### Problem to solve
Write out exactly, with both ends included, the lines that run from the line containing "戸建て リフォーム工事 市原市" to the end of the entries. Pictures are not part of the answer.

(Given information begins)

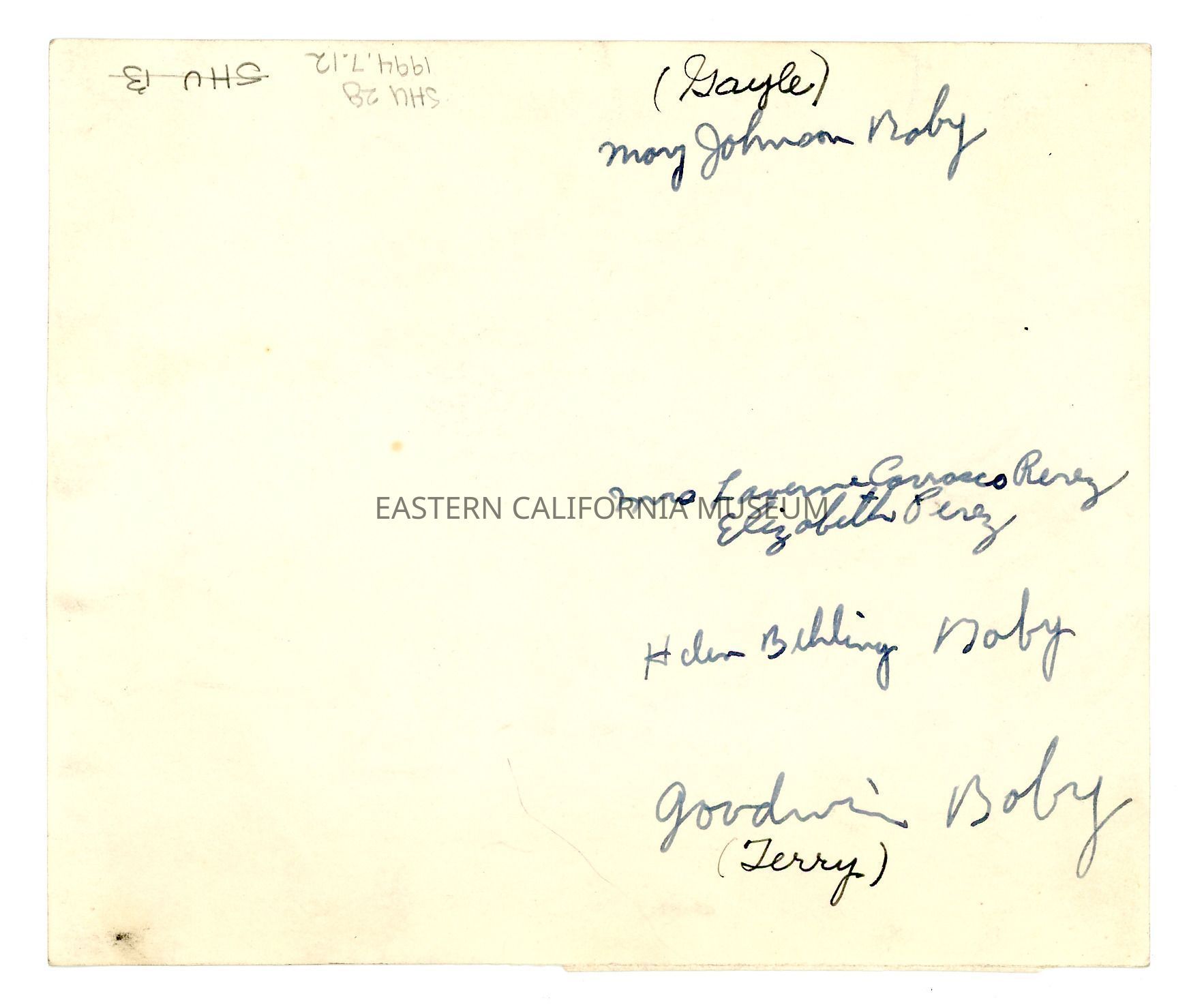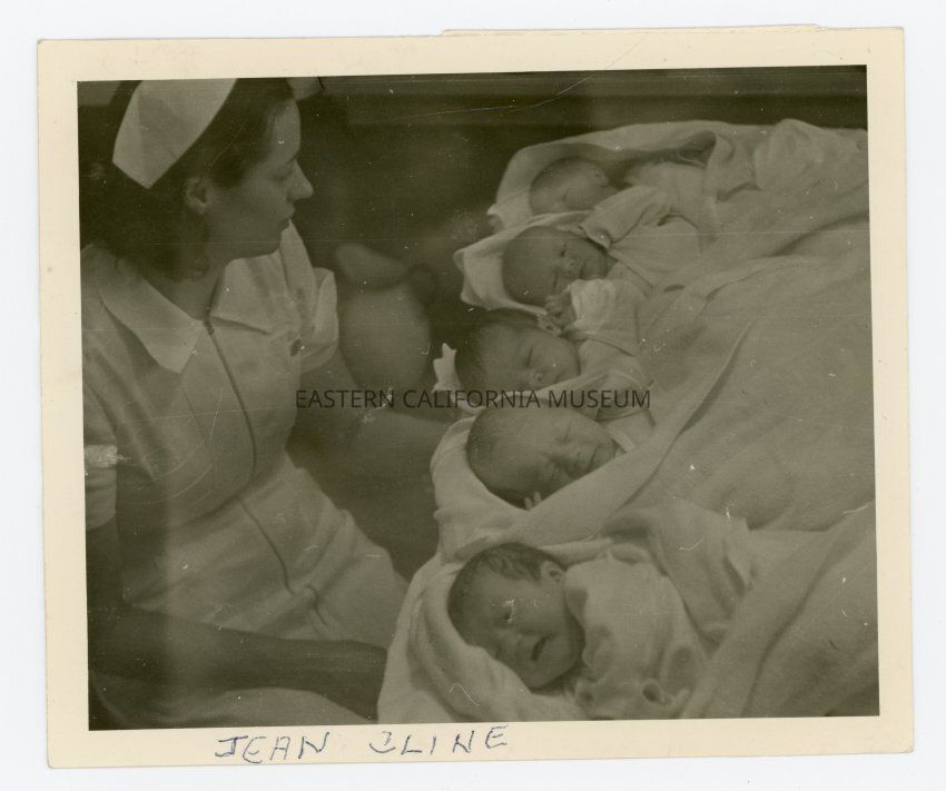 Photo of the interior of the Mt. Whitney Hospital in Lone Pine showing a nurse with five babies. Written in blue ink below image is, "Jean Cline." The babies are identified on the reverse from top to bottom as Goodwin's baby (Terry), Helen Billing's baby, Mrs. Laverne Carrasco Perez (Elizabeth Perez), and Mary Johnson's baby (Gayle).Collection
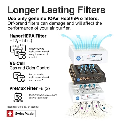 IQAir HealthPro Plus Air Purifier – Medical Grade HyperHEPA filter for home large room up to 1125 sq ft – for Viruses, Bacteria, Allergens, Asthma Triggers, Smoke, Mold, Pets, Dust, Odor, Swiss Made
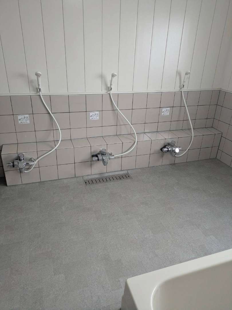 戸建て リフォーム工事 市原市 姉崎 浴室・脱衣室 改修工事 <工事の背景>築50年木造のタイル貼り浴室で経年劣化で水漏れをしていました。何年も応急処置でしのがれておりましたが、今回改修工事のご依頼をいただきました。<施工ポイント>・水栓も光熱費削減のため、プッシュ式セルフストップ水栓に変更。・お年寄りが多いので、滑りにくい床に変更。・タイル目地のカビが目立たないように白ではなく、黒を採用。<お客様>NPO法人 レインボーハウス浴室・脱衣室入居者様には、明るくなって暖かくなったと喜んでいただきました。 場所 千葉県市原市姉崎 完工時築年数 50年 1 / 1 前の施工事例 戸建て OYATUYA tanetane 工房工事
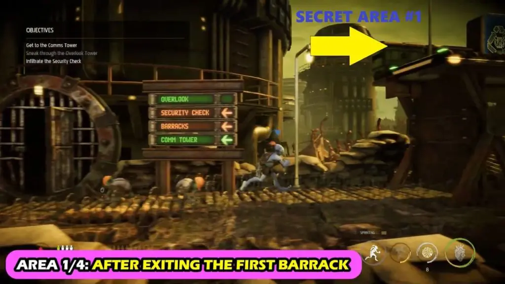 You can find the secret area after exiting from the first barrack. Out of the barrack, you need to go in the right direction. Then hop on to the first platform to the Secret area.
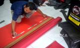 Arifin (35) memotong bahan tas kargo atau tas kurir di Tas Motor Jogja, Kotagede, Yogyakarta, Kamis (27/1/2022). Masa pandemi Covid-19 menjadi rezeki Tas Motor Jogja dengan inovasi pembuatan tas kurir. Tas kargo yang dibuat berupa tas gendong atau tas samping motor dengan ukuran bervariasi. Harga yang ditawarkan mulai Rp 150 ribu hingga Rp 500 ribu tergantung bahan dan modelnya. Pembeli tas kurir ini tidak hanya dari Yogyakarta, namun sudah menjangkau hampir seluruh Indonesia melalui daring. (FOTO : Wihdan Hidayat / Republika)
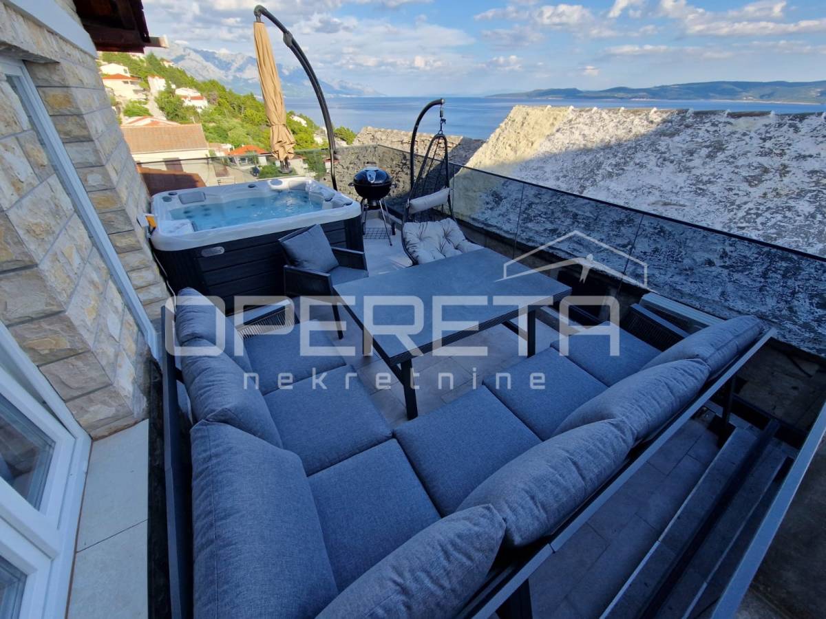 Zahvaljujući jugoistočnoj orijentaciji, prostor je cijeli dan ispunjen prirodnim svjetlom, dok terasa pruža privatnost i predivan pogled na more i okolne planine.

(Given information ends)

### Task result
 戸建て リフォーム工事 市原市 姉崎 浴室・脱衣室 改修工事 <工事の背景>築50年木造のタイル貼り浴室で経年劣化で水漏れをしていました。何年も応急処置でしのがれておりましたが、今回改修工事のご依頼をいただきました。<施工ポイント>・水栓も光熱費削減のため、プッシュ式セルフストップ水栓に変更。・お年寄りが多いので、滑りにくい床に変更。・タイル目地のカビが目立たないように白ではなく、黒を採用。<お客様>NPO法人 レインボーハウス浴室・脱衣室入居者様には、明るくなって暖かくなったと喜んでいただきました。 場所 千葉県市原市姉崎 完工時築年数 50年 1 / 1 前の施工事例 戸建て OYATUYA tanetane 工房工事
 You can find the secret area after exiting from the first barrack. Out of the barrack, you need to go in the right direction. Then hop on to the first platform to the Secret area.
 Arifin (35) memotong bahan tas kargo atau tas kurir di Tas Motor Jogja, Kotagede, Yogyakarta, Kamis (27/1/2022). Masa pandemi Covid-19 menjadi rezeki Tas Motor Jogja dengan inovasi pembuatan tas kurir. Tas kargo yang dibuat berupa tas gendong atau tas samping motor dengan ukuran bervariasi. Harga yang ditawarkan mulai Rp 150 ribu hingga Rp 500 ribu tergantung bahan dan modelnya. Pembeli tas kurir ini tidak hanya dari Yogyakarta, namun sudah menjangkau hampir seluruh Indonesia melalui daring. (FOTO : Wihdan Hidayat / Republika)
 Zahvaljujući jugoistočnoj orijentaciji, prostor je cijeli dan ispunjen prirodnim svjetlom, dok terasa pruža privatnost i predivan pogled na more i okolne planine.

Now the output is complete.